Check with/read : https://wiki.samba.org/index.php/BIND9_DLZ_DNS_Back_End
But go throught comments below first.
> -----Oorspronkelijk bericht-----
> Van: samba [mailto:samba-bounces at lists.samba.org] Namens
> basti via samba
> Verzonden: vrijdag 11 september 2020 12:52
> Aan: samba at lists.samba.org
> Onderwerp: Re: [Samba] Problems with sysrepl
>
> root at dc1:~# cat /tmp/samba-debug-info.txt
> Collected config --- 2020-09-11-12:35 -----------
>
> Hostname: dc1
> DNS Domain: samdom.example.com
> FQDN: dc1.samdom.example.com
> ipaddress: 193.137.1.133
>
> -----------
>
> Kerberos SRV _kerberos._tcp.samdom.example.com record verified ok,
> sample output:
> Server: 193.137.1.133
> Address: 193.137.1.133#53
>
> _kerberos._tcp.samdom.example.com service = 0 100 88
> dc1.samdom.example.com.
> Samba is running as an AD DC
>
> -----------
> Checking file: /etc/os-release
>
> PRETTY_NAME="Debian GNU/Linux 10 (buster)"
> NAME="Debian GNU/Linux"
> VERSION_ID="10"
> VERSION="10 (buster)"
> VERSION_CODENAME=buster
> ID=debian
> HOME_URL="https://www.debian.org/"
> SUPPORT_URL="https://www.debian.org/support"
> BUG_REPORT_URL="https://bugs.debian.org/"
>
> -----------
>
>
> This computer is running Debian 10.2 x86_64
>
> -----------
> running command : ip a
> 1: lo: <LOOPBACK,UP,LOWER_UP> mtu 65536 qdisc noqueue state UNKNOWN
> group default qlen 1000
> link/loopback 00:00:00:00:00:00 brd 00:00:00:00:00:00
> inet 127.0.0.1/8 scope host lo
> inet6 ::1/128 scope host
> 2: ens3: <BROADCAST,MULTICAST,UP,LOWER_UP> mtu 1500 qdisc pfifo_fast
> state UP group default qlen 1000
> link/ether 52:54:00:43:08:92 brd ff:ff:ff:ff:ff:ff
> inet 193.137.1.133/24 brd 193.137.1.255 scope global ens3
> inet6 fe80::5054:ff:fe43:892/64 scope link
>
> -----------
> Checking file: /etc/hosts
>
> 127.0.0.1 localhost
> 193.137.1.133 dc1.samdom.example.com dc1
> 193.137.1.135 dc2.samdom.example.com dc2
>
> # The following lines are desirable for IPv6 capable hosts
> ::1 localhost ip6-localhost ip6-loopback
> ff02::1 ip6-allnodes
> ff02::2 ip6-allrouters
>
> -----------
>
> Checking file: /etc/resolv.conf
>
> nameserver 193.137.1.133
> search samdom.example.com
> search net
>
Change search to :
search samdom.example.com
# primary dnsdomain always first.
# net (as seen in smb.conf, not needed, remove it. )
> -----------
>
> Checking file: /etc/krb5.conf
>
> [libdefaults]
> default_realm = SAMDOM.EXAMPLE.COM
> dns_lookup_realm = false
> dns_lookup_kdc = true
>
> [realms]
> SAMDOM.EXAMPLE.COM = {
> kdc = DC1.SAMDOM.EXAMPLE:COM
> admin_server = DC1.SAMDOM.EXAMPLE.COM
> }
Remove the "realms" part.
No needed.
>
> -----------
>
> Checking file: /etc/nsswitch.conf
>
> # /etc/nsswitch.conf
> #
> # Example configuration of GNU Name Service Switch functionality.

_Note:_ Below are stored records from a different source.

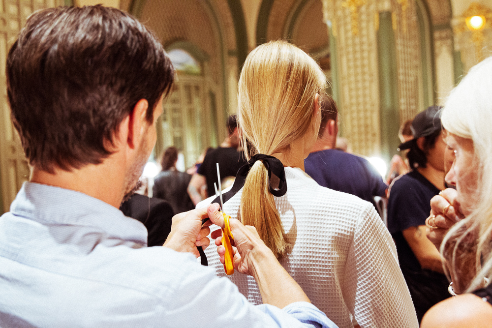 Then there was Guido's hair (interesting note: Diane and Guido teamed up for Wang last Saturday, too—clearly a very different beast). Clean ponytails with a hint of volume tied back with a black ribbon. There was no short hair here—girls with shorter cuts like Xiao Wen Ju were sporting extensions. Alicia Torello went for a clean buffed nail, not a thing on it. It all came together to create aching perfection, as over the top as that may sound. It was so perfect, it hurt a little. The location had a lot to do with as well: Imagine Titanic meets the ballroom from the Beauty And the Beast. The lighting, too, was so lovely and dreamy. But this is nothing new—Oscar turns out perfection every season. It's always nice to have something to rely on.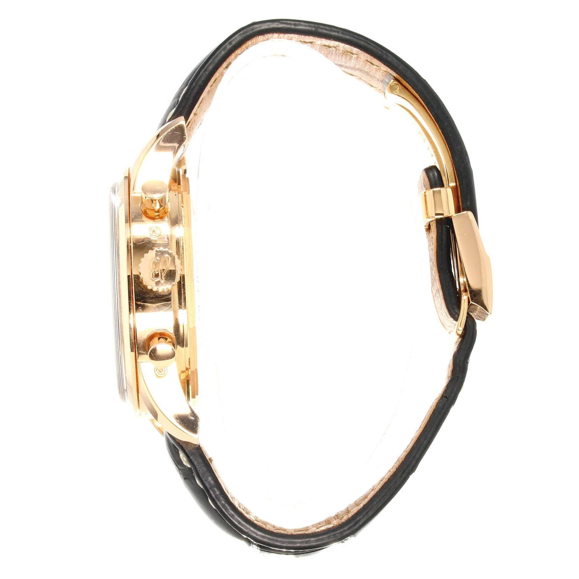 The black alligator strap is equipped with a matching red gold deployment clasp.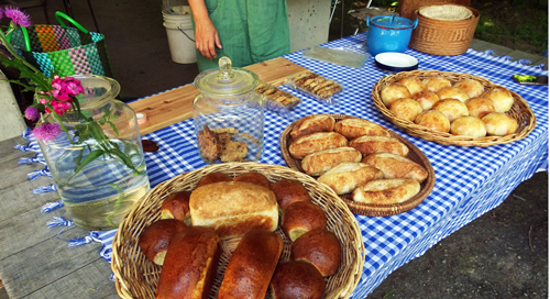 新城市鳳来の門谷小学校のカフェ爾今 新緑と風爽やか。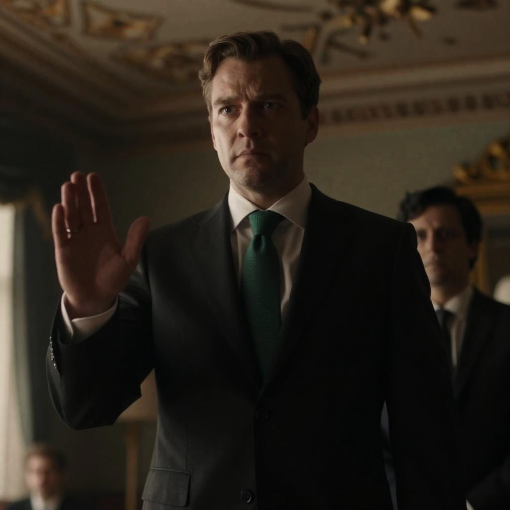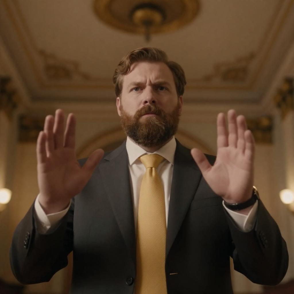 Portrait of a bearded Caucasian man with medium build wearing a dark suit and yellow tie, standing indoors with hands raised. The background features a dimly lit, ornate ceiling with warm amber lighting, creating a formal and dramatic atmosphere. The man has a serious expression and wavy brown hair.

> # If you have the `glibc-doc-reference' and `info' packages
> installed, try:
> # `info libc "Name Service Switch"' for information about this file.
>
> passwd: files systemd
> group: files systemd
If you need (ssh) login on the AD-DC you might want to change that to.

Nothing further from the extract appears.